Here is a tabular look at all the drives attached to my workstation:
| Manufacturer / | Capacity | Power | Power | Unsafe | Data | Data |
| Model | | Hours | Cycles | Shutdowns | Read | Written |
|---------------------|----------|---------|--------|-----------|---------|---------|
| OCZ Vertex 3 | 240 GB | 64245 h | 6406 | 360 | 13.2 TB | 8.9 TB |
| Crucial BX100 | 500 GB | 1338 h | 5217 | 111 | 25.1 TB | 22.0 TB |
| Samsung SSD 850 EVO | 500 GB | 27958 h | 5129 | 148 | | 14.8 TB |
| Samsung SSD 860 EVO | 1 TB | 23084 h | 3764 | 111 | | 21.2 TB |
| Samsung SSD 960 EVO | 500 GB | 4543 h | 3240 | 144 | 12.6 TB | 27.2 TB |
| Samsung SSD 980 PRO | 1 TB | 7777 h | 2897 | 127 | 36.3 TB | 28.4 TB |
All the other drives report very healthy SMART stats, although I don't for a second believe the numbers reported by the SandForce-based OCZ Vertex 3 -- that was my main drive for years around ~2011.
I used to think that Samsung's EVO line was a decent brand for consumer NVMe drives, but now I'm no longer sure. I have a newer Samsung SSD 980 PRO 1TB as my dual-boot & gaming drive, fingers crossed that it won't give up so easily.
I was reminded that that drive model famously suffered from poor firmware that needed to be updated: https://www.tomshardware.com/news/samsung-980-pro-ssd-failures-firmware-update -- although it may have been mostly 2TB drives.
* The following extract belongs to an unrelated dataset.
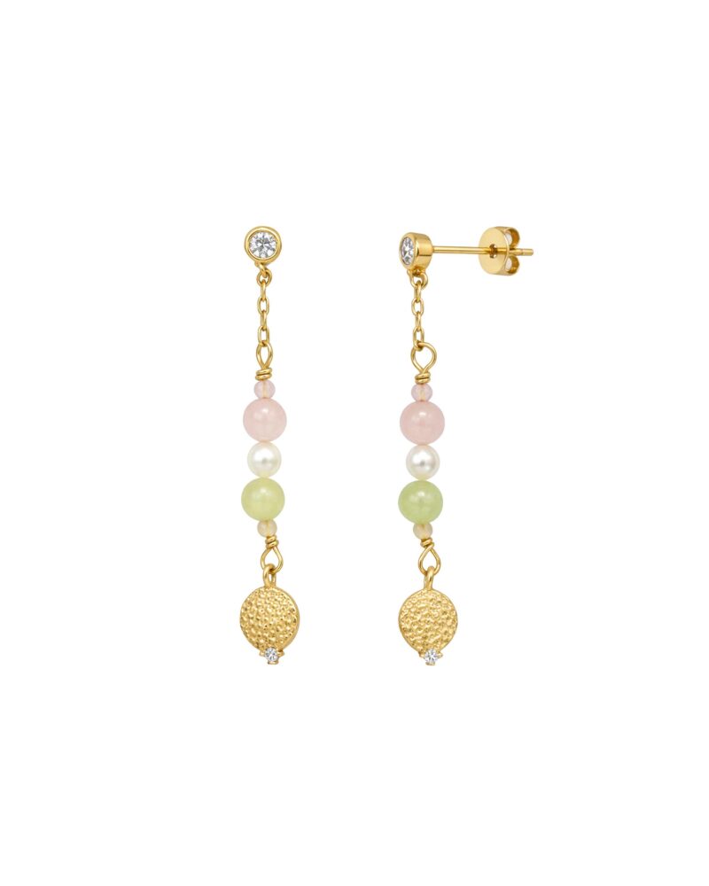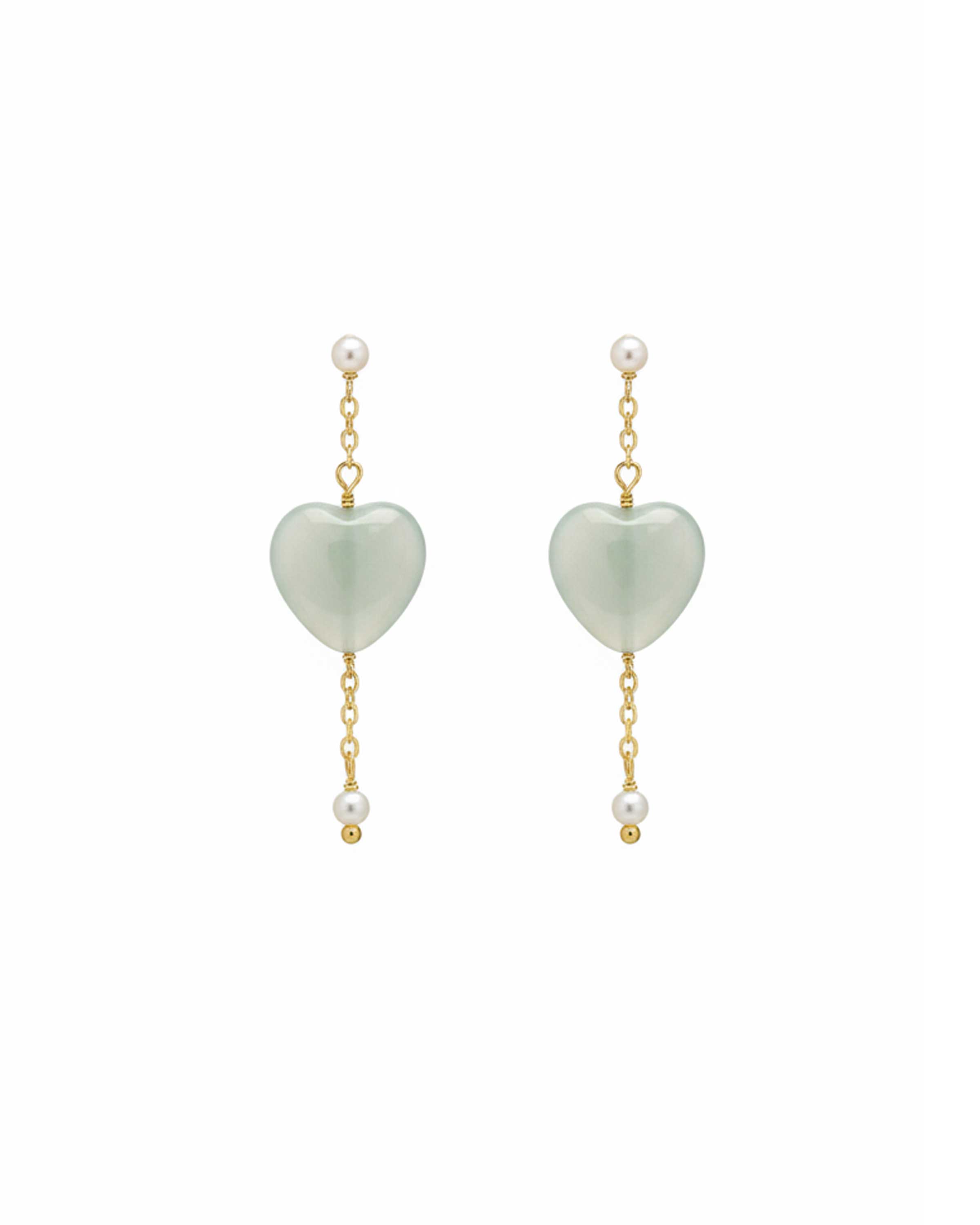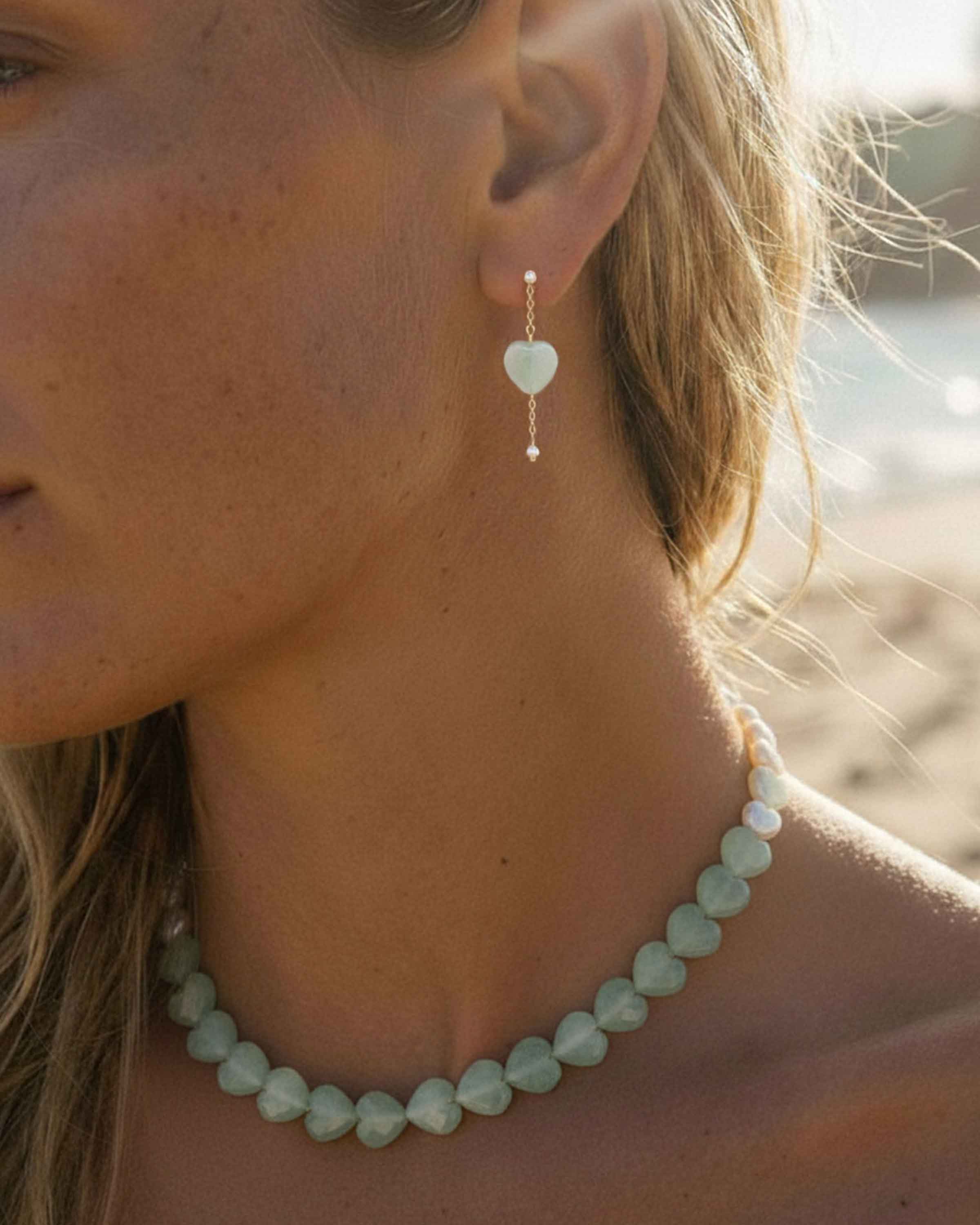 The Aura Heart Aventurine earrings feature a romantic, whimsical design centered around beautifully polished heart-shaped stones. Suspended from delicate chains and accented with luminous pearls, these long-drop earsticks combine soft green tones with a classic luster for a feminine and meaningful statement.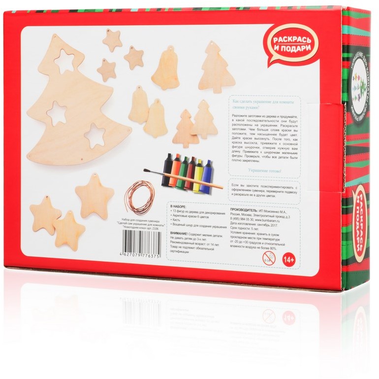 Наборы «Создай украшение для комнаты» – это увлекательное творчество для детей, подростков и всей семьи. Раскрашивайте заготовки удобными красками в тюбиках, как у настоящих художников, а элементы декора располагайте на свой дизайнерский вкус. Деревянные заготовки выполнены из экологически чистого материала, такой замечательный набор для творчества станет желанным новогодним подарком!

Regardless, I immediately ordered a Western Digital WD_BLACK SN850X 2TB as replacement after a very brief roundup of reviews. It's also a great excuse to do a clean install of Arch Linux, as the current installation had been collecting cruft since early 2020 or so. I'll write a separate post about that.
I didn't lose anything vitally important thanks to taking regular backups. I recommend that every one of you make sure to do the same -- it's easier than ever with companies like https://www.backblaze.com/ and self-hosted options like https://syncthing.net/.
Also, test that your backups actually work. Just like at work.